■ **Task data**:
———
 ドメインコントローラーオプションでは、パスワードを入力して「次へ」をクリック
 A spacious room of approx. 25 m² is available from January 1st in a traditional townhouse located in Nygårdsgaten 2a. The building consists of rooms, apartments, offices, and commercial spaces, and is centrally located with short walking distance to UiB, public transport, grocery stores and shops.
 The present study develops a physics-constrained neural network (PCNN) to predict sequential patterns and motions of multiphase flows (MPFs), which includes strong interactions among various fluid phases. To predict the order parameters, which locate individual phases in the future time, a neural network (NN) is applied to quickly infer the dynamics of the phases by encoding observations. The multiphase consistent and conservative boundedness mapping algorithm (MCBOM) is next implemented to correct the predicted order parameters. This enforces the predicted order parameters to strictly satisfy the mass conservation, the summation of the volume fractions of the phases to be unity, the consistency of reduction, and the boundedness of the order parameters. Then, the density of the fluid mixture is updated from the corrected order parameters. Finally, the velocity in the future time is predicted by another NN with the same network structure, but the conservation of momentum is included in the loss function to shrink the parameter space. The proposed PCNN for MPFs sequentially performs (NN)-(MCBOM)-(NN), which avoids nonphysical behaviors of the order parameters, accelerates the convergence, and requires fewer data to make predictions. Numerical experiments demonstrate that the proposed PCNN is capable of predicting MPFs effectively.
———
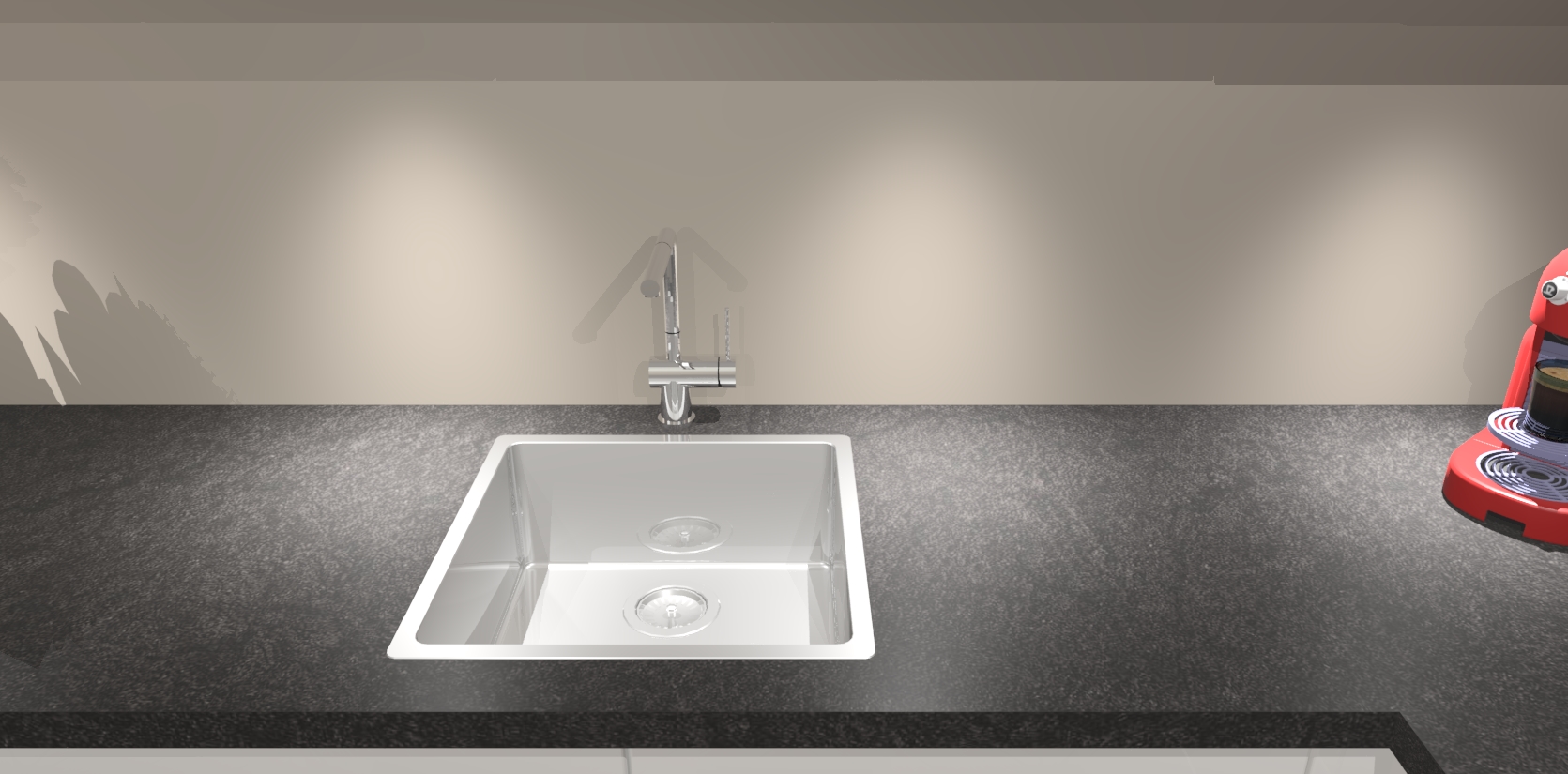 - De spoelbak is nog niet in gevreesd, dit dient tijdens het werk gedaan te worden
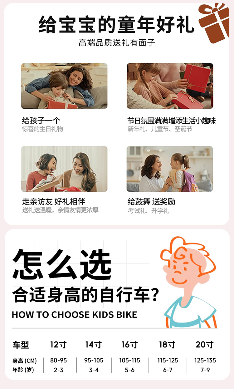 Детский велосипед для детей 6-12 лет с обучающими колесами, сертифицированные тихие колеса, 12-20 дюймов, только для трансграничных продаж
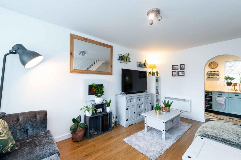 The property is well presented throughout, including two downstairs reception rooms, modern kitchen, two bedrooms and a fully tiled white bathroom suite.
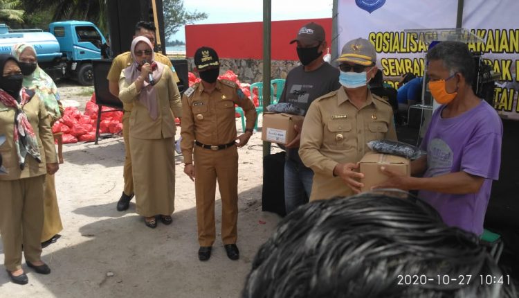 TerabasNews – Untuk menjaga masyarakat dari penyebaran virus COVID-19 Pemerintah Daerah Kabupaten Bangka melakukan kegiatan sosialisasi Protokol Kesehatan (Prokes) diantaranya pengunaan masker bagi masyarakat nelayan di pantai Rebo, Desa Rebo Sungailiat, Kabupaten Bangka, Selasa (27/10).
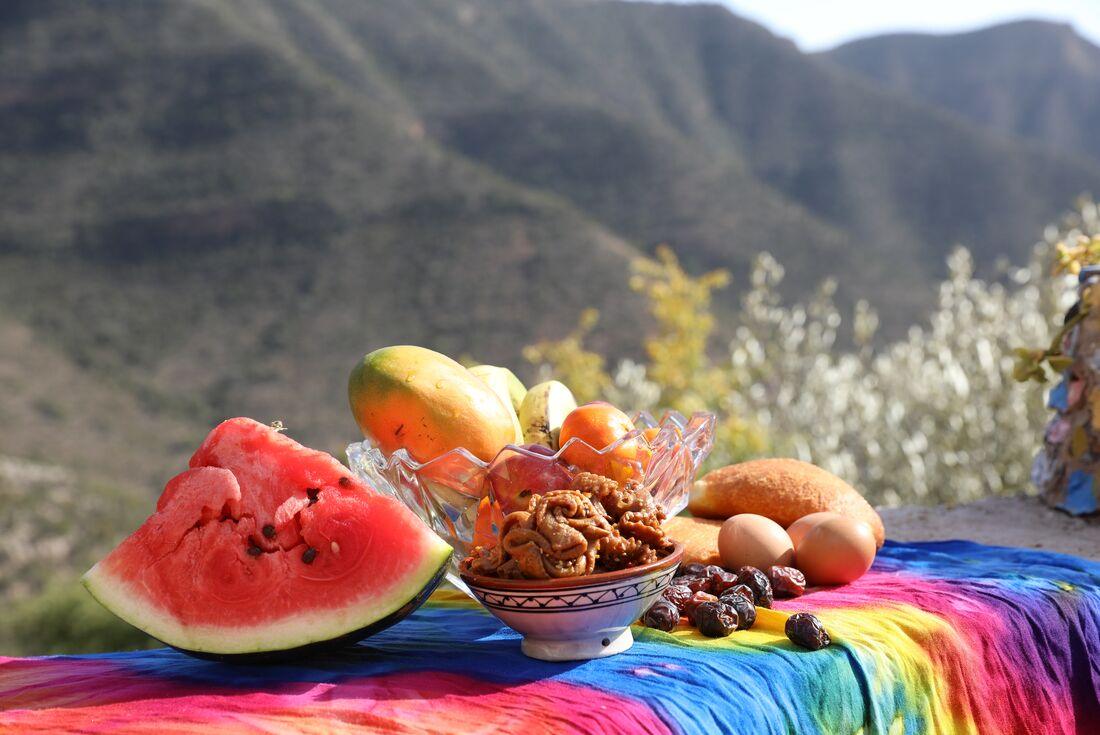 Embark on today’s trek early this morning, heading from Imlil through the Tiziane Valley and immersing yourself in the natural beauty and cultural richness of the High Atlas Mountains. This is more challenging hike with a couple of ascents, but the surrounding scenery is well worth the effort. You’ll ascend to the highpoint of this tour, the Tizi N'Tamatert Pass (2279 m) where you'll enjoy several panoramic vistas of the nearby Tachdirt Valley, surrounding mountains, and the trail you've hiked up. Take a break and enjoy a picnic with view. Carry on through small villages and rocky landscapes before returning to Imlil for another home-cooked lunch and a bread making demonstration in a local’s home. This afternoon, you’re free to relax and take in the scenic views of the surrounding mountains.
———
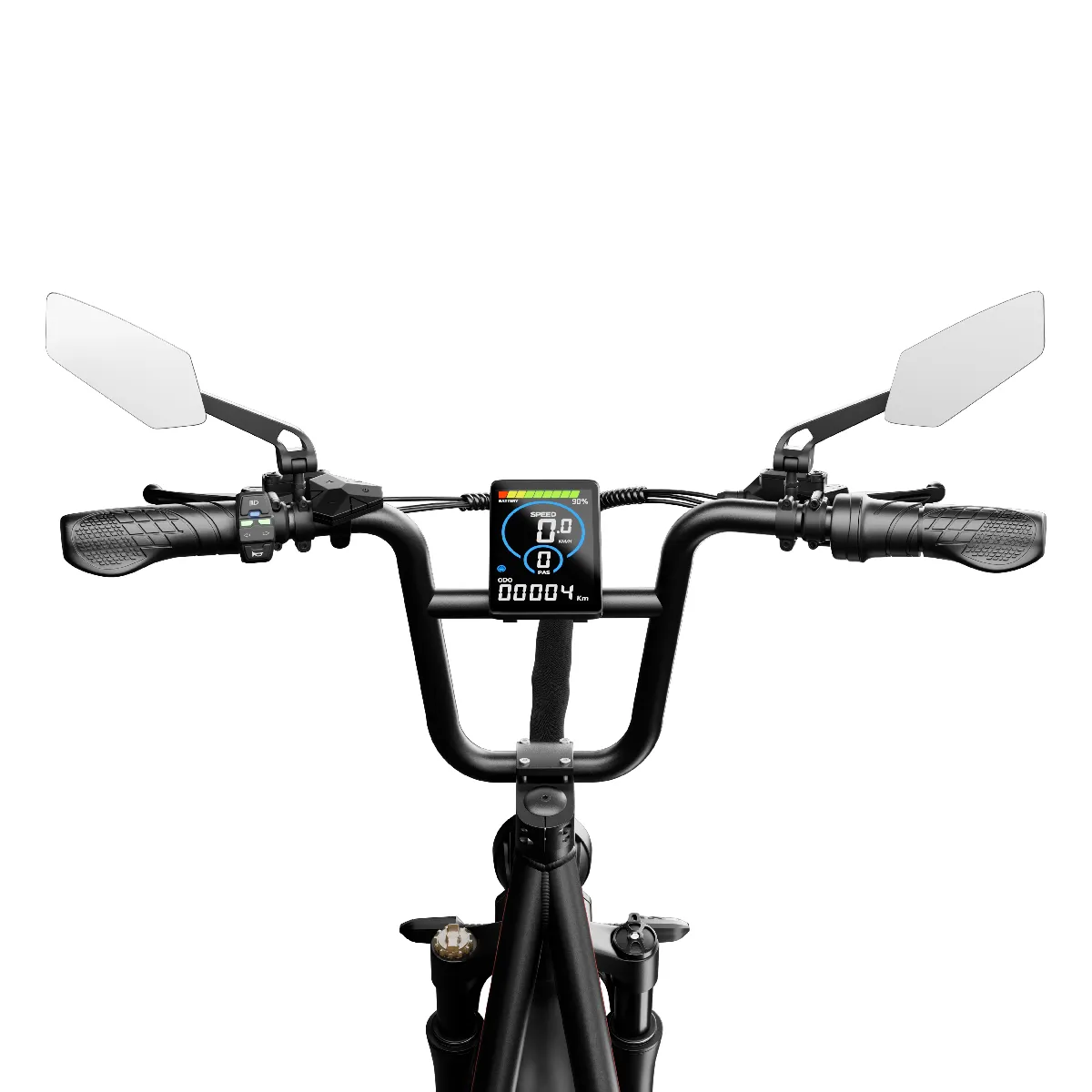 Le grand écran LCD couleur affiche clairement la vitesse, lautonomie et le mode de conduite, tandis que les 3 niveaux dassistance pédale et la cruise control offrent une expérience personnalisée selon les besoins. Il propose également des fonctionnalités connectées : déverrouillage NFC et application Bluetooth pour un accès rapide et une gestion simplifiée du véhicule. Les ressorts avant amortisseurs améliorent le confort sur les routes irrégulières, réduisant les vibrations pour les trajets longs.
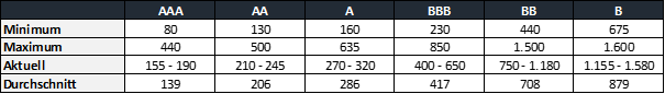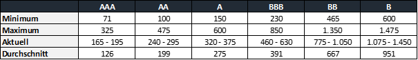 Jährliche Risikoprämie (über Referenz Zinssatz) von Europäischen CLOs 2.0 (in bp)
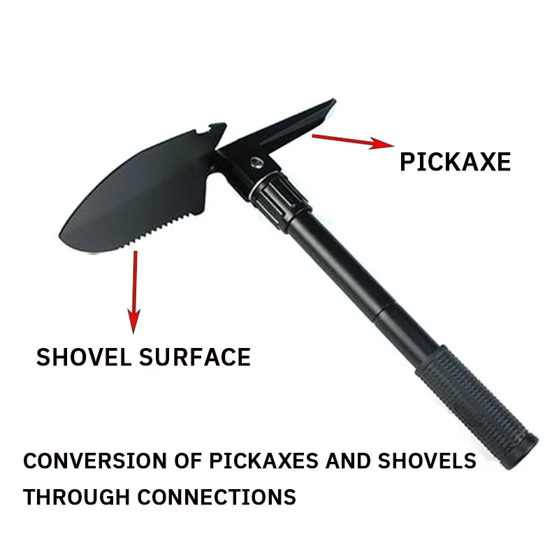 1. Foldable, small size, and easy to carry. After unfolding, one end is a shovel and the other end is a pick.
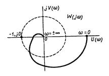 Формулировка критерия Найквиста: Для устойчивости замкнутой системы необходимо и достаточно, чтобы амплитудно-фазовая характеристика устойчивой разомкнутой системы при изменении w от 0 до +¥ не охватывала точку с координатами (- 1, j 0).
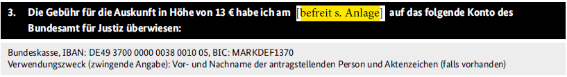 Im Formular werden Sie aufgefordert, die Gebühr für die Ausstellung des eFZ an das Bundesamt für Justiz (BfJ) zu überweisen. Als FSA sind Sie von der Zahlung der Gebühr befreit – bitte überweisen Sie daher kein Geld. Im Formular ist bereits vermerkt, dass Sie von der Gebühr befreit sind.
———
■ **Exercise**:
From the listing above, return the lines starting at the one with "ドメインコントローラーオプションでは、パスワードを入力して「次へ」をクリック" and ending at the one with "A spacious room", both kept, exactly as they appear and nothing more.

■ **Exercise output**:
 ドメインコントローラーオプションでは、パスワードを入力して「次へ」をクリック
 A spacious room of approx. 25 m² is available from January 1st in a traditional townhouse located in Nygårdsgaten 2a. The building consists of rooms, apartments, offices, and commercial spaces, and is centrally located with short walking distance to UiB, public transport, grocery stores and shops.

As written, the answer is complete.